Top of Data in this exercise
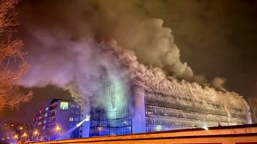 Približne o jedenástej večer hasiči stále zasahovali a z budovy stále šľahali plamene. Budova naďalej dymí.
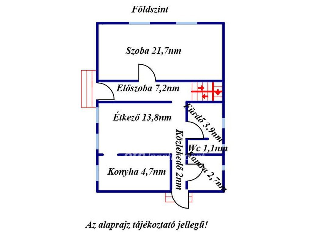 A földszinten található egy tágas szoba, előtér, étkező, konyha, kamra, közlekedő és egy fürdőszoba WC-vel, amit a jövőbeli tulaj alakíthat kedvére. Az emeletre kényelmes fa lépcsőn juthatunk fel, ahol egy szoba erkéllyel, két félszoba (amelyből az egyikhez 18 nm es félkész hátsó terasz tartozik), nappali és WC található. A fűtés jelenleg két hűtőfűtő klímával illetve kandallóval megoldott, a meleg vizet villanybojler biztosítja, a szennyvízrendszer kiépített. A gázfűtési rendszer felújításra szorul.
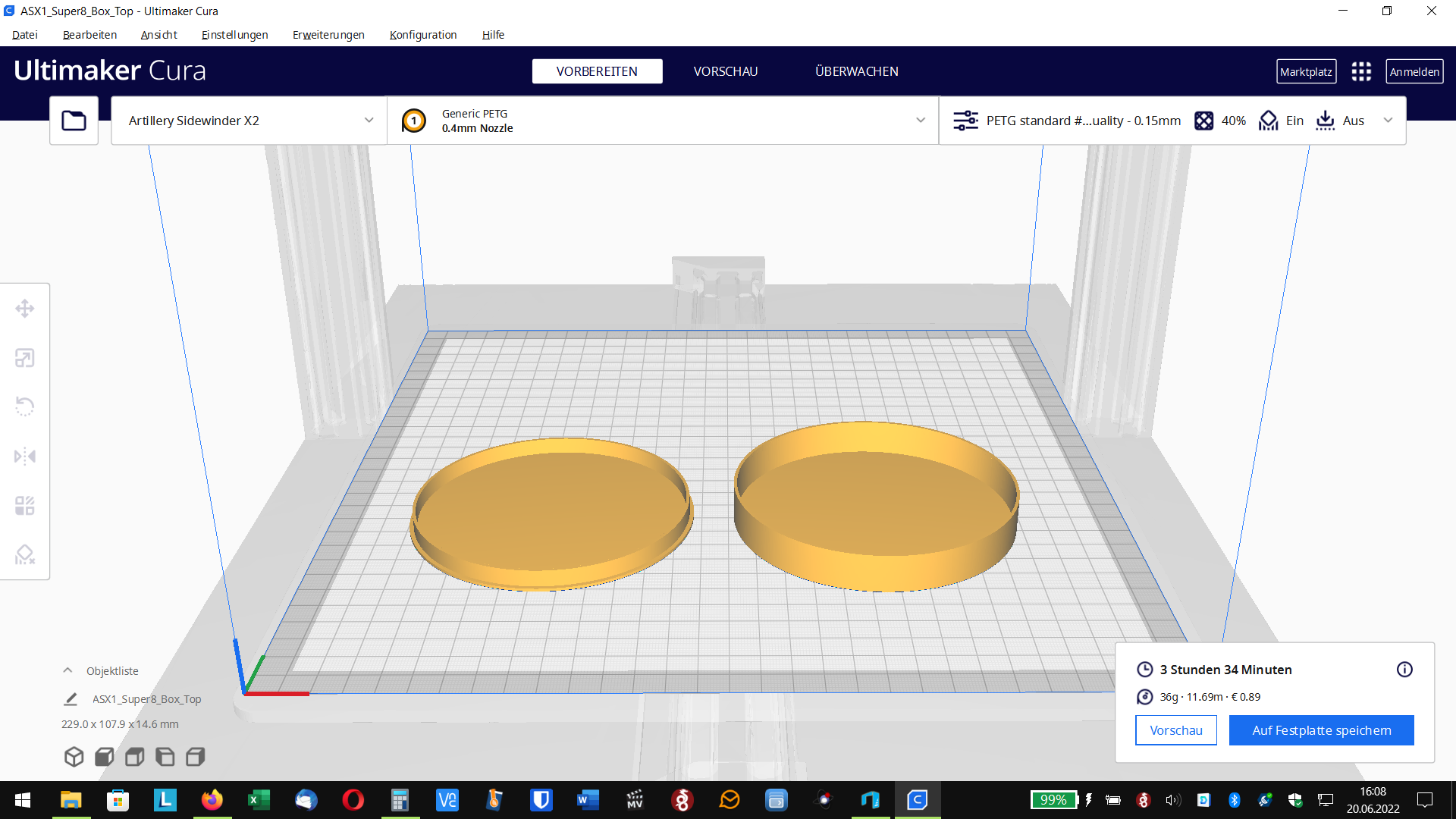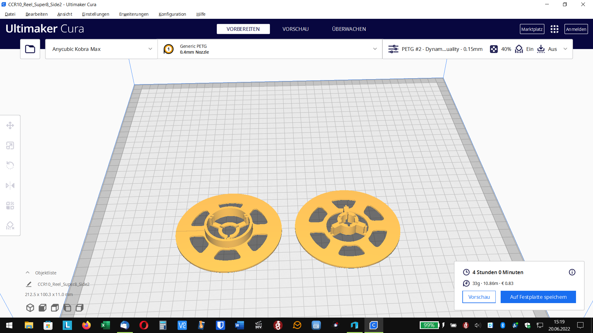 Also die 30m Dose dauert bei mir (nur eine Dose pro Arbeitsgang momentan) 3:24h Druckzeit bei 90 Cent Filametkosten und ca. 36g Filament. Nutze PETG zu ca. 22 Euro pro kg.
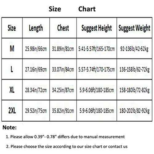 Rib Protectors by Topeter. Details:Feature: Material: 80% polyester + 20% spandex Padded: yes Color: Black Suitable for soccer, football, basketball, contact sports, paintball, snowboard, skiing, rugby, rush guard, etc. Size info: M: Length: 25.98in/66cm, Chest: 31.89in/81cm,Suggest height: 5.41-5.57ft/165-170cm,suggest weight:92-136lb/42-62kg L: Length: 27.16in/69cm, Chest: 33.07in/84cm,Suggest height: 5.57-5.74ft/170-175cm,suggest weight:136-158lb/62-72kg XL: Length: 28.34in/72cm, Chest: 34.25in/87cm,Suggest height: 5.74-5.9ft/175-180cm,suggest weight:158-180lb/72-82kg 2XL: Length: 29.52in/75cm, Chest: 35.82in/91cm,Suggest height: 5.9-6.06ft/180-185cm,suggest weight:180-202lb/82-92kg Note: 1. Please allow 0.39”.
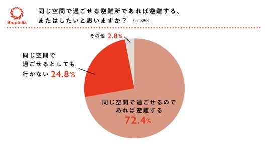 ・一方で、同じ空間で過ごせる避難所であれば避難する人は72.4%。
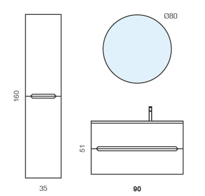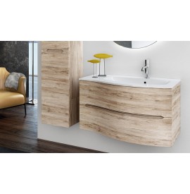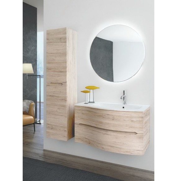 La composizione qui proposta comprende un mobile portalavabo sagomato con 2 cassettoni rivestito in polimerico colore "ROVERE NODI", un lavabo ad 1 vasca in mineralmamo, 1 specchiera rotonda con retroilluminazione a led e 1 colonna sospesa.MISURE:- mobile con lavabo L. cm 90 x 37/42,5 cm- colonna sospesa L. cm 35 x 30, h cm 160- specchiera rotonda diametro cm 80Disponibile anche il mobile portalavabo nella misura di cm 120. La versione nella foto è nella finitura polimerico "ROVERE NODI", sono disponibili altre finiture:- LARICE BIANCO - ROVERE THERMO- ROVERE GRIGIO - BIANCO LUCIDO- TORTORA LUCIDO - TEAK SABBIATO
Bottom of Data in this exercise
» **Exercise prompt**:
Would you mind returning each entry above word for word, skipping the images?

» **Output of the exercise**:
 Približne o jedenástej večer hasiči stále zasahovali a z budovy stále šľahali plamene. Budova naďalej dymí.
 A földszinten található egy tágas szoba, előtér, étkező, konyha, kamra, közlekedő és egy fürdőszoba WC-vel, amit a jövőbeli tulaj alakíthat kedvére. Az emeletre kényelmes fa lépcsőn juthatunk fel, ahol egy szoba erkéllyel, két félszoba (amelyből az egyikhez 18 nm es félkész hátsó terasz tartozik), nappali és WC található. A fűtés jelenleg két hűtőfűtő klímával illetve kandallóval megoldott, a meleg vizet villanybojler biztosítja, a szennyvízrendszer kiépített. A gázfűtési rendszer felújításra szorul.
 Also die 30m Dose dauert bei mir (nur eine Dose pro Arbeitsgang momentan) 3:24h Druckzeit bei 90 Cent Filametkosten und ca. 36g Filament. Nutze PETG zu ca. 22 Euro pro kg.
 Rib Protectors by Topeter. Details:Feature: Material: 80% polyester + 20% spandex Padded: yes Color: Black Suitable for soccer, football, basketball, contact sports, paintball, snowboard, skiing, rugby, rush guard, etc. Size info: M: Length: 25.98in/66cm, Chest: 31.89in/81cm,Suggest height: 5.41-5.57ft/165-170cm,suggest weight:92-136lb/42-62kg L: Length: 27.16in/69cm, Chest: 33.07in/84cm,Suggest height: 5.57-5.74ft/170-175cm,suggest weight:136-158lb/62-72kg XL: Length: 28.34in/72cm, Chest: 34.25in/87cm,Suggest height: 5.74-5.9ft/175-180cm,suggest weight:158-180lb/72-82kg 2XL: Length: 29.52in/75cm, Chest: 35.82in/91cm,Suggest height: 5.9-6.06ft/180-185cm,suggest weight:180-202lb/82-92kg Note: 1. Please allow 0.39”.
 ・一方で、同じ空間で過ごせる避難所であれば避難する人は72.4%。
 La composizione qui proposta comprende un mobile portalavabo sagomato con 2 cassettoni rivestito in polimerico colore "ROVERE NODI", un lavabo ad 1 vasca in mineralmamo, 1 specchiera rotonda con retroilluminazione a led e 1 colonna sospesa.MISURE:- mobile con lavabo L. cm 90 x 37/42,5 cm- colonna sospesa L. cm 35 x 30, h cm 160- specchiera rotonda diametro cm 80Disponibile anche il mobile portalavabo nella misura di cm 120. La versione nella foto è nella finitura polimerico "ROVERE NODI", sono disponibili altre finiture:- LARICE BIANCO - ROVERE THERMO- ROVERE GRIGIO - BIANCO LUCIDO- TORTORA LUCIDO - TEAK SABBIATO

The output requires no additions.